There are two other side plots in the episode: Agent Strickland and McGee losing his NCIS ID. Agent Strickland, Mike Franks' last partner, temporarily joins the team while she is waiting to retire in two weeks. However, she is allowed to retire early after she gets injured in the field with this causing her to develop a strong grudge against DiNozzo. Meanwhile, McGee loses his ID and tries to find it, knowing that he would face severe punishment if the loss is found out. He admits this to Gibbs, and later Vance gives him his ID, saying it was found at RFK Stadium where McGee had gone earlier. McGee manages to escape punishment, however, due to his idea to use Twitter to stop the bombing.

== Production ==
"Under the Radar" was written by George Schenck and Frank Cardea and directed by Dennis Smith. Executive producer Gary Glasberg called the episode "a 'reset' for us", because it's the first episode after Cote de Pablo left NCIS. Glasberg wanted the episode to "give people an NCIS that is the reason they tune in and have some fun and some lightness and have a really good prime story and an investigation". Glasberg added that "it really feels like a strong, old-time NCIS episode". "[Ziva's absence is] a big part of quite a few episodes", and it will be "glances and references to the empty desk". About how the rest of the team are going to react on the empty desk, Glasberg said "We’re really trying to approach this as realistically and organically as possible, and it’s going to take time for our characters to move on".

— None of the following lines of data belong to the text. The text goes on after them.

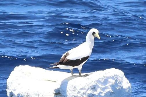 蓝脸鲣鸟全身大部分白色,翅膀后缘、尾巴和初级飞羽黑色,喙黄色,面部具黑色眼罩。主要栖息于热带海洋和岛屿上,大部分时间在海上活动,通常以鱼类、头足类和甲壳类为食。在我国钓鱼岛有繁殖记录,夏候鸟常见于福建和香港海域。调查期间,团队在距离惠州市约120公里和汕头市约100公里的近海海域记录到蓝脸鲣鸟。本次发现将增进对该物种在我国分布区域的认识,也为丰富广东省海洋鸟类资源提供了新的资料。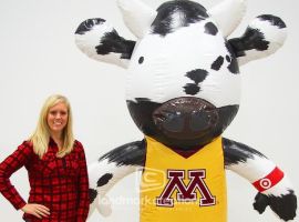 Gophers Basketball and Target teamed up and entertained fans at 'The Barn' during the University of Minnesota’s basketball games! Inflatable costumes, like this chicken character, danced and charmed audiences.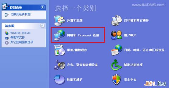 如桌面没有"网上邻居"图标,您可以打开系统"控制面板",选择"网络和 Internet 连接",如下图: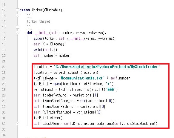 우선 첫번째 작업입니다. 일단 QRunnable에서 위 스크린샷과 같이 communication.txt에서 정보를 가지고 오는 것을 먼저 해야만 합니다.
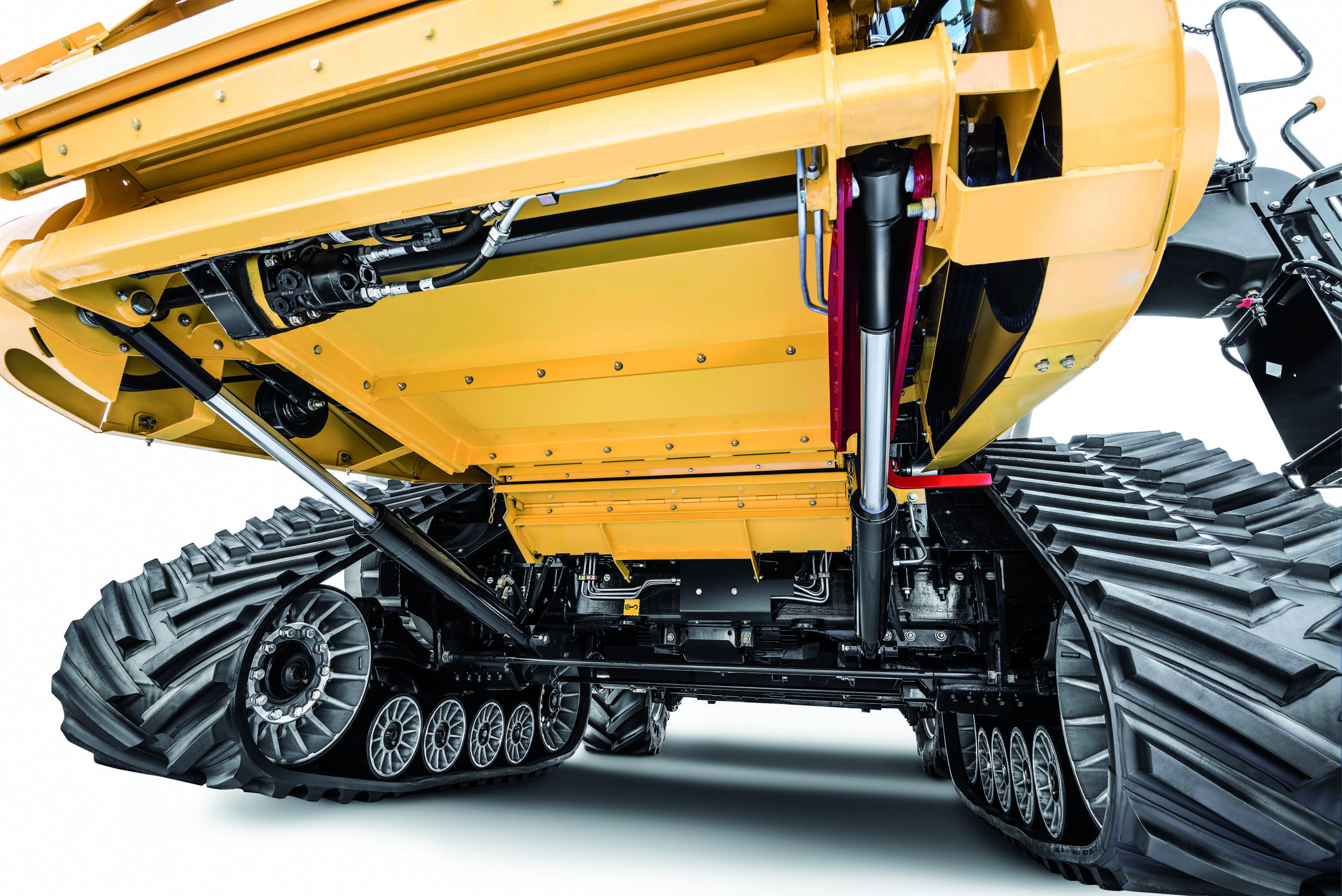 Il sistema di inversione del senso di rotazione del Dynamic Feed Roll (DFR), costituito da un cilindro idraulico, un sistema a cricchetto e una ruota dentata sull'albero del rullo DFR, sblocca il DFR facendo oscillare il tamburo. Quando si verifica un ingolfamento e la velocità del tamburo scende sotto i 100 giri/min, le funzioni di trebbiatura e alimentazione della mietitrebbia si disattivano automaticamente. L'operatore deve solo fermare la mietitrebbia e attivare la procedura di inversione sul monitor IntelliView. Il canale elevatore si inverte per svuotare la relativa catena per tutta la lunghezza, mentre il cilindro idraulico e il sistema a cricchetto invertono il tamburo del DFR. La procedura di inversione è completa quando il materiale è stato rimosso e il circuito idraulico non incontra resistenza. Il canale elevatore si inverte di nuovo per svuotare la relativa catena per tutta la lunghezza. Completata questa operazione, l'operatore può reinserire i rotori e il canale elevatore per riprendere la raccolta. In tutto l'operazione per rimuovere l'ingolfamento richiede circa 10 minuti.

Following Cote de Pablo's exit the opening credit in the episode was changed. "[It's] a different main title sequence, [and that] was an interesting process, [both] emotional and challenging", according to Glasberg.

On August 7, 2013, it was announced that Roma Maffia was cast as NCIS special agent Vera Strickland. Her character is "Considered 'one of the boys', [and] goes all the way back to NIS and Mike Franks". According to Glasberg, she is "a woman in her 50s who is a few days away from retirement and just needs to fill the desk time". A younger version of Strickland appears as a main character in the 2024 prequel series NCIS: Origins, played by Diany Rodriguez.

== Reception ==
"Under the Radar" was seen by 18.33 million live viewers following its broadcast on October 8, 2013, with a 2.8/9 share among adults aged 18 to 49. A rating point represents one percent of the total number of television sets in American households, and a share means the percentage of television sets in use tuned to the program. In total viewers, "Under the Radar" easily won NCIS and CBS the night. Compared to the last episode "Past, Present, and Future", "Under the Radar" was down in viewers and adults 18–49.

Douglas Wolfe from TV Fanatic gave the episode 4.5/5 and stated that "The first NCIS episode without Ziva was fast-paced and still interesting, which is hardly surprising, given the quality of writing for this show".